A recent data protection impact assessment (DPIA) made by Privacy Company on behalf of the Dutch Ministry of Security and Justice found that another data scandal is afoot, with Microsoft collecting and storing data of its individual users without their knowledge.
“The results of this Data Protection Impact Assessment (DPIA) are alarming,” the report explained. “Microsoft collects and stores personal data about the behaviour of individual employees on a large scale, without any public documentation.” The Dutch government commissioned the report to help its 300,000 workstations nationwide understand how to best handle their relationship with Microsoft, according to The Next Web.

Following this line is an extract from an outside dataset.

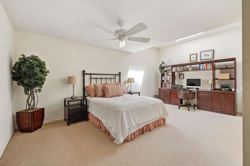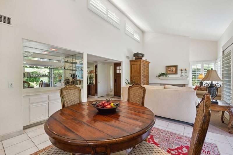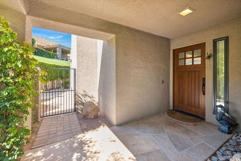 A RARE FIND, A FENCED YARD/PATIO. DOG-FRIENDLY. Currently the LOWEST PRICED ONE STORY WITH A 2 CAR GARAGE, Highly sought after Ironwood neighborhood. The larger condo across the street is sold, offered around $1.66M. This delightful, private 2 bdr. 2 bath is adjacent to open space on the left side. The guest bedroom was expanded to enclose an atrium and accommodates an office/desk area. All the comforts of home, here. Pantry, TV in the kitchen, newer refrigerator with water dispenser, a wine cooler, and there is a wet bar, NEWER shutters and NEWER sliding doors and windows. NEWER A/C. Offered fully furnished, turnkey. Everything stays. Classic floor plan with eating area off the kitchen plus a dining area. This well maintained home gives the opportunity to upgrade, if desired. The PRIVATE patio is exceptional with a fire pit and built-in BBQ.. Seller is an executer/trustee. Easy to show, vacant.

“Microsoft does not offer any choice with regard to the amount of data, or possibility to switch off the collection, or ability to see what data are collected, because the data stream is encoded,” the report continued. “Similar to the practice in Windows 10, Microsoft has included separate software in the Office software that regularly sends telemetry data to its own servers in the United States.”
The telemetry data issue is particularly worrisome, as the Dutch are planning on moving from storing their data locally to using Microsoft cloud programs SharePoint, OneDrive, and possibly the web-only version of Office 365. The DPIA finds that these new methods may have “high data protection risks for data subjects.”
The report does clarify that Microsoft is making adjustments to such privacy concerns such as a telemetry data viewer tool and a new “zero-exhaust setting.” Privacy Company recommends that admins of the enterprise version of Office ProPlus, particularly those in the Netherlands, should take the extra precautions of centrally prohibiting the use of Connected Services and the option for users to send personal data to Microsoft to ‘improve Office,’ not using SharePoint Online, OneDrive, or web-only version of Office 365, and applying the new zero-exhaust settings.